The titular song "Smooth Talk" contains "undulating drum fills and serene and stylish vocal arrangement." Another song "The Show Is Over" would be later sampled for Ice Cube's "You Know How We Do It" (1994).

==Album chart performance and releases==
The album was released in 1977 and peaked at number fourteen on the Billboard 200 for the week ending September 23, 1978 and number eight on the Soul Albums chart for the week ending July 15, 1978. In Billboards year-end charts of 1978, it was positioned at number seventy-six on the year-end top 100 Pop Albums and number thirty-one on the year-end top 50 Soul Albums. It was also positioned at number twenty-five on the year-end top 50 Soul Albums of 1979. It was certified gold by the RIAA on September 6, 1978.
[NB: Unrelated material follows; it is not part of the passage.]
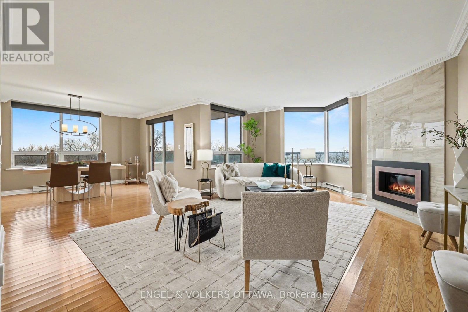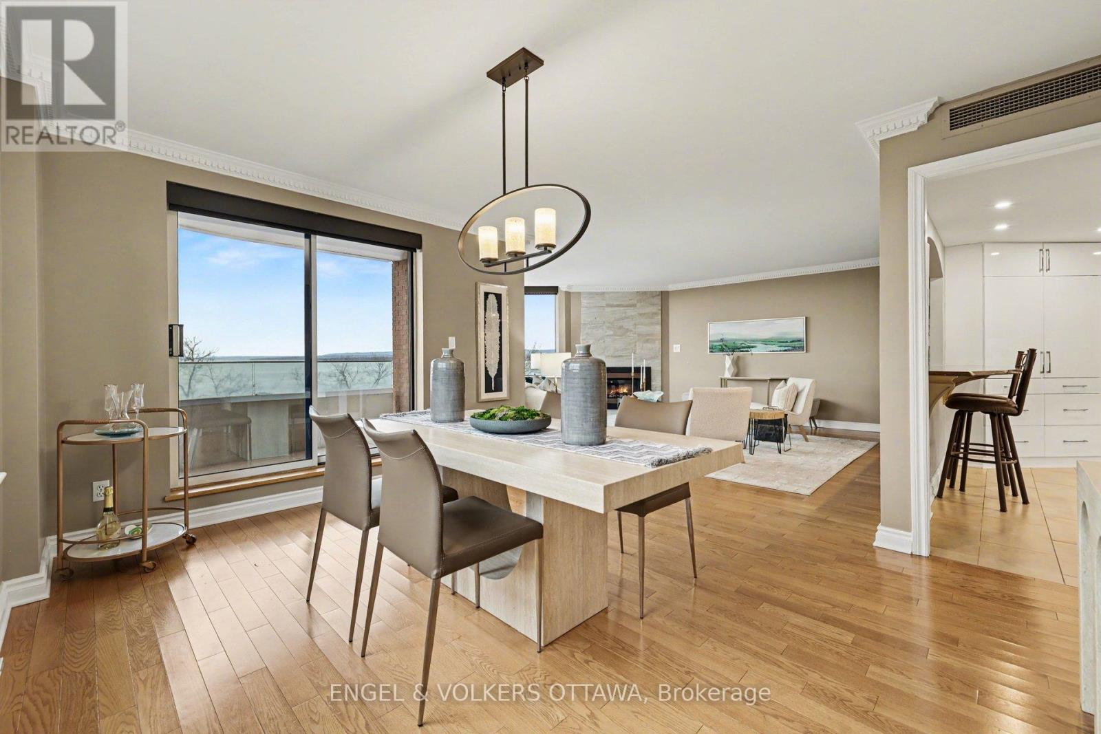 Step inside this stunning 3-bedroom 2 bathroom residence at the iconic Commodore's Quay, perfectly positioned with northwest exposure capturing breathtaking river views and unforgettable sunsets - from every single room. This is a layout that just makes sense. A private primary suite tucked away from the other two bedrooms creates the perfect balance of comfort and separation. From the moment you walk in, you're greeted by a grand foyer with generous storage, leading into a light-filled living space anchored by a cozy gas fireplace with a beautiful surround - the kind of space that feels as good as it looks. The dining area opens to a spacious, curved balcony, seamlessly blending indoor and outdoor living - ideal for entertaining or unwinding with those sunset views. The bright, open kitchen connects effortlessly to the living space with a breakfast bar - perfect for casual mornings or hosting friends. Your primary retreat features two closets and a 4-piece ensuite, while the thoughtfully designed layout includes in-unit full-size laundry, discreetly tucked away for convenience. And here's what truly sets this apart: 2 parking spaces + a storage locker - a rare and valuable find. The lifestyle? Just as impressive. Walk to Bayshore Shopping Centre, Andrew Haydon Park, NCC trails, and enjoy easy access to transit - everything you need, right at your doorstep. This is more than a condo - it's a view, a lifestyle, and a rare opportunity all in one. (id:64974)

The album was digitally remastered and reissued on CD with bonus tracks in 2010 by Big Break Records. The original vinyl disc was reissued twice following the single releases of "Shame" and "I Don't Know If It's Right", in each case replacing the LP track version with the 12" remix version.

==Critical reception==
Allmusic critic Justin Kantor rated the album four out of five stars, calling it "a fine catch for '70s R&B connoisseurs" and "a fun, satisfying listen for the body—if not a genius piece of soul," and highly praising the hit single "Shame". However, he considered several other tracks forgettable, like "Dancin', Dancin', Dancin and "'Til I Come off the Road."

==Track listing==

Side one
| No. | Title | Writer(s) | Length |
|---|---|---|---|
| 1. | "Smooth Talk" | Theodore Life, Mike Holden, William Kimes | 5:29 |
| 2. | "I Don't Know If It's Right" (original LP version) | Theodore Life, John H. Fitch, Jr. | 4:17 |
| 3. | "Til I Come Off the Road" | Mike Holden, John H. Fitch, Jr., Theodore Life | 2:38 |
| 4. | "Dancin', Dancin', Dancin'" | Theodore Life, Teddy Pendergrass | 4:13 |

Side two
| No. | Title | Writer(s) | Length |
|---|---|---|---|
| 5. | "Shame" (original LP version) | John H. Fitch, Jr., Reuben Cross | 4:38 |
| 6. | "Nobody Knows" | John H. Fitch, Jr., Reuben Cross, Theodore Life | 4:31 |
| 7. | "We're Going to a Party" | Theodore Life, Aubrey Gravatt, Joe Freeman | 3:48 |
| 8. | "The Show Is Over" | Theodore Life, Dexter Wansel | 5:40 |
| Total length: |  |  | 35:14 |

1977–78 "repackage" edition
| No. | Title | Length |
|---|---|---|
| 2. | "I Don't Know If It's Right" (12" Disco Mix [in some "repackage" pressings]) | 8:19 |
| 5. | "Shame" (12" Disco Mix) | 6:35 |

2010 remastered bonus tracks
| No. | Title | Length |
|---|---|---|
| 9. | "Shame" (12" Disco Mix) | 6:33 |
| 10. | "I Don't Know If It's Right" (12" Disco Mix) | 8:19 |
| 11. | "Shame" (Single Version) | 2:54 |
| 12. | "I Don't Know If It's Right" (Single Version) | 3:46 |

==Personnel==
- Raymond Earl - bass
- John H. Fitch, Jr., Ronnie James, Theodore Life, Kim Miller - guitars
- Jerald Hill, Dennis Richardson - keyboards
- James Sigler - organ
- Dexter Wansel - electric piano
- Sam Peake - organ, electric piano, Clavinet
- James Lee Fuller, Larry Strickland - congas
- Scotty Miller - drums
- Johnny McCants - congas, percussion
- Don Renaldo and his Swinging Horns - horns
- Carla Benson, Evette Benton, Mikki Farrow, Joe Freeman, Lani Groves, Barbara Ingram, Theodore Life, M. Roberts, Bunny Sigler, Annie Sutton - background vocals
- Arnold Coley Jr., Morris Bailey, Sam Peake, Leon Mitchell – horn arrangements

==Charts==

| Chart (1978) | Peak |
|---|---|
| Billboard Top LPs | 14 |
| Billboard Top Soul LPs | 8 |

Singles

| Year | Single | Peak chart positions |  |  |  |  |  |  |  |  |  |  | Certifications |
| US | US R&B | US Dance | CA | CA Dance / Urban | CA Adult | UK | NL Top 40 | NL Top 100 | BE | NZ | US |
| 1978 | "Shame" | 9 | 7 | 8 | 16 | 5 | – | 39 | 18 | 26 | 12 | – | Gold |
| 1979 | "I Don't Know If It's Right" | 23 | 7 | 25 | 17 | 11 | 6 | 67 | – | – | – | 38 | Gold |

| Region | Certification | Certified units/sales |
| United States (RIAA) | Gold | 500,000^{^} |
^{^} Shipments figures based on certification alone.